A senior Taliban minister, who publicly condemned the group’s ban on education of girls and women, has reportedly fled Afghanistan amid fears of arrest.
Sher Abbas Stanikzai, the Taliban’s political deputy at the foreign ministry, had called on other leaders to open schools for girls and women in January and said the edict forbidding them from schools was not in line with Sharia law as the hardline rulers claimed.
“There is no excuse for this – not now and not in the future,” Mr Stanikzai, a political studies and military school graduate, had said. “We are being unjust to 20 million people,” referring to nearly half of the Afghanistan population of girls and women.
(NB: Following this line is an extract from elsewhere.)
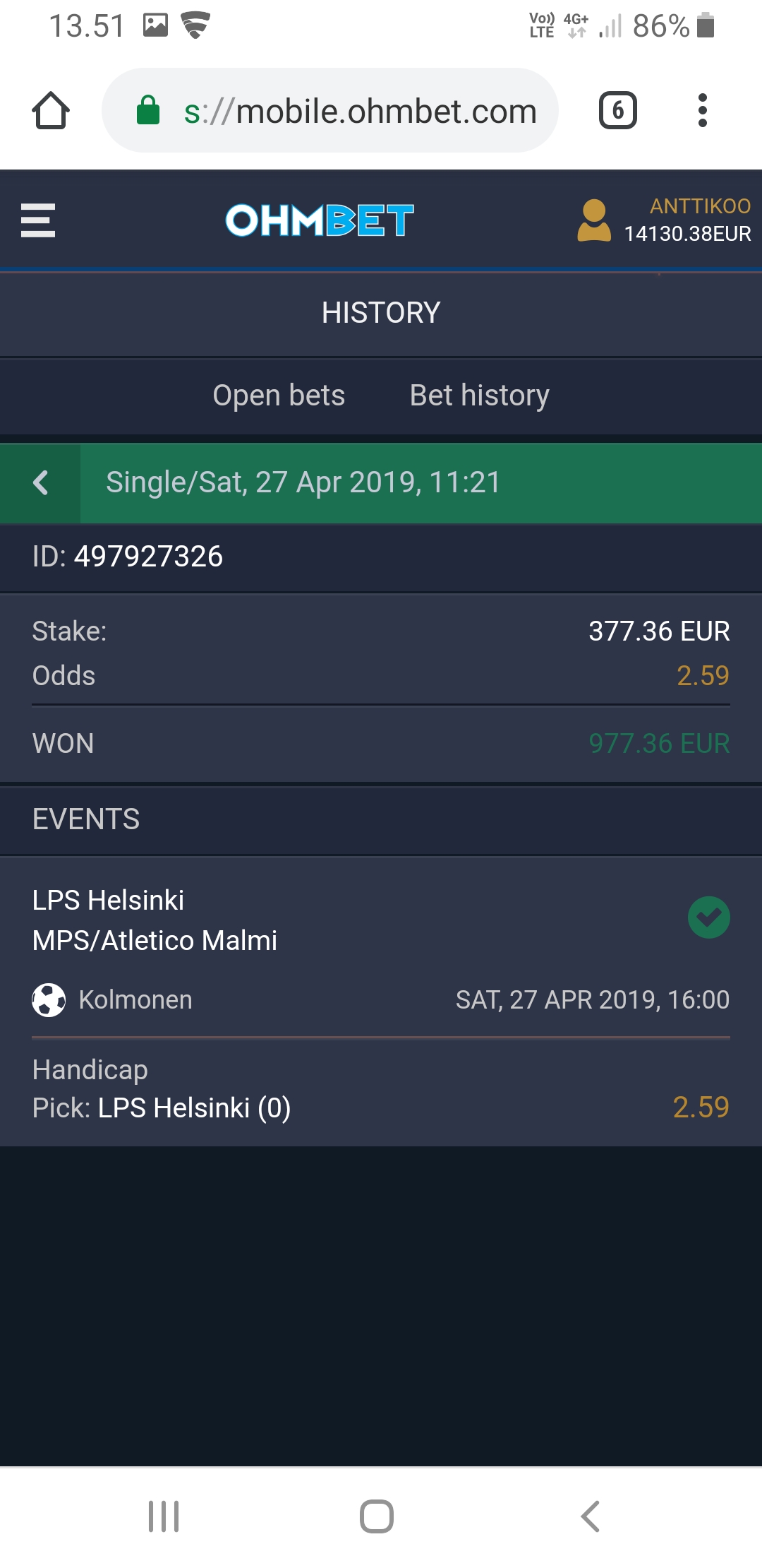 Avasin tilin 27.4 ottaakseni vetoja Suomen Kolmosen matseihin (TuPS-PK35, LPS-MPS Atletico Malmi, Rollon Pojat - Rovaniemi united. Päädyin tallettamaan kolmessa osassa 8000 euroa ja otin vetoja 15kpl yhteensä 8721 eurolla. En ottanut vastaan bonusta. Ohmbet määrittää maksimipanokset siten, että pre vetoihin sai nettona voittaa 600e/pelimuoto ja livessä 800e/pelimuoto. Otin siis useita eri linjoja/vetomuotoja samoihin peleihin lisätäkseni kokonaispanosta. Viimeisenä mainitun pelin vedot myin "cash out" näppäimen kautta, täten siis vetojen määrä ylitti talletuksien määrän kun laitoin nekin rahat samantien kiertämään. Olen ammattivedonlyöjä, eivätkä nuo summat ole minulle mitenkään tavanomaisesta poikkeavia. Itseasiassa olisin halunnut lyödä huomattavasti suuremmalla, sen verran pielessä kertoimet olivat, enkä mihinkään muuallekaan mainittuihin peleihin vetoja saanut.

His public remarks, made at a graduation ceremony in Khost province, were the first such against the Taliban’s education diktat and confirmed a rare sign of internal divisions around one of the flagship policies of Afghanistan’s de facto rulers.
For more than three years, the Taliban have imposed a strict nationwide ban on female education, preventing girls and women from attending school beyond the sixth grade despite international isolation.
Shortly after the speech, the Taliban’s supreme leader Hibatullah Akhundzada reportedly ordered Mr Stanikzai’s arrest and issued a travel ban against him, prohibiting him from stepping back in Afghanistan.
However, the Taliban leader had left for the United Arab Emirates before he could have been held, reported the news channel Afghanistan International.